I’m just really talking about mills, lathes and laser cutters. ... [They] are the backbone of any mechanical engineering department, art department, architecture department, physics department, chemistry department. [They] are used only a few hours a day, and sometimes a week. You walk around a university at five o’clock at night, you know, these classrooms are empty, the tool rooms are empty.
Whereas, if you walk into any kind of makerspace there is always activity going on?
MH: It’s jammed! There are lulls in the morning time. ... By 2 o’clock in the afternoon, things are jammed and they become a social center. We’ve got to be running—I don’t know—20 different kinds of events in San Francisco on a monthly basis? From date night to women in engineering, the electronics meet-up, the robot meet-up ... it’s wonderful.
You wrote that something magical happens when 300 people or so join a makerspace.
MH: They spark more creative collisions. … It’s a combination of collisions in a friction-free environment ... a magnetic environment. ... You are more likely to get access to the same space at the same time as somebody else that is working on the same kind of problem … they will geek out for hours. What these spaces do … is create a commons that allows them to have those interactions. It’s not that [the people there] are smarter; it’s just that they are in the right place at the right time, often by intent.
There are pieces of this movement that will allow for more local manufacturing—but you note that there are products we are producing faster and cheaper overseas. Do you see that changing as America retools itself and understands what this opportunity is, or is China just always going to be ahead of us in that regard?

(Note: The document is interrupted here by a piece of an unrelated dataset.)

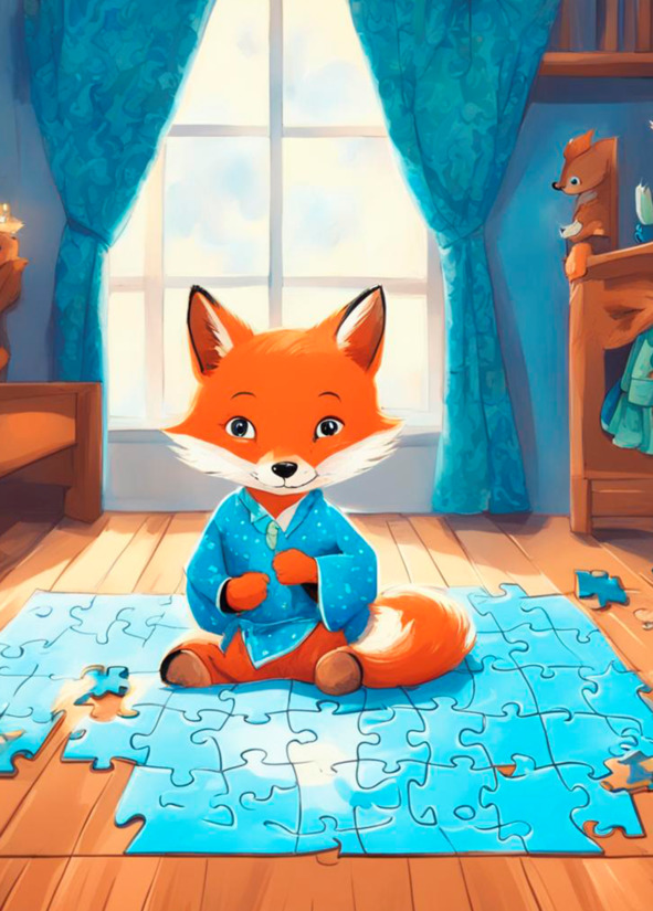 Он разложил подарок на полу и детальки стали складываться одна за другой. С таким изумлением лисенок их собирал, что заметить не успел, как и картинка уже получилась.
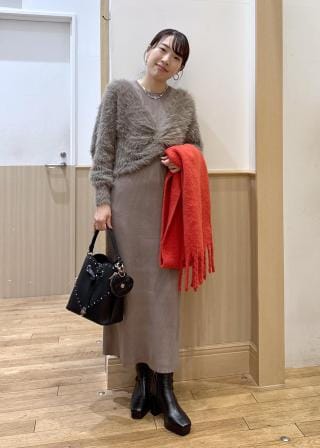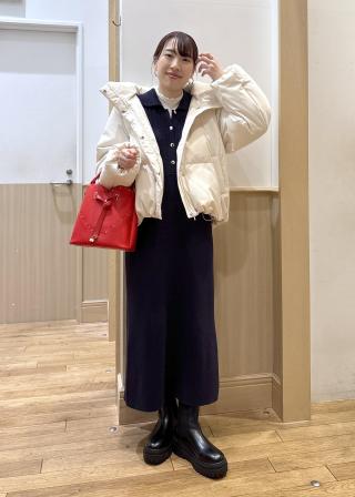 ミニbagのグリーンカラーと赤リップで少しクリスマスコーデを意識してみました。

MH: China has some fundamental advantages now that they built over the last 30 years, and specifically it’s the ecosystem of components and design and supply chain. The Shenzhen area is unmatched. ... But having said that, as I pointed out in the book, I truly believe big chunks of the economy are going to shift back to local manufacturers.
When we talk about manufacturing, most consumers instantly think of iPhones and millions of millions of something. But shirts are produced one at a time, typically, by hand. When you have a robot that can do that, why do the manufacturing in China when you can just do it locally? Why ship the cotton over there?
In your nine-point manifesto you say that we should “make, share, give, learn, tool up, play, support and change.” There is a lot of language about the act of making being essential to who we are as human beings. So, what’s the nexus in the creative movement where creating jobs and making money coexist with changing the world and changing ourselves?
MH: Some of it historically has been bad, right? We started making, we started extracting the materials and polluting the world in order to create an economic system. … But now, the tools, the political will, the sociological will [are there]. We are understanding [the] impact it has and we are discovering that we can actually in many instances—and I actually say in most instances—we can produce things in a way that is much more sustainable.
Mark Hatch is the CEO of TechShop and the author of The Maker Movement Manifesto.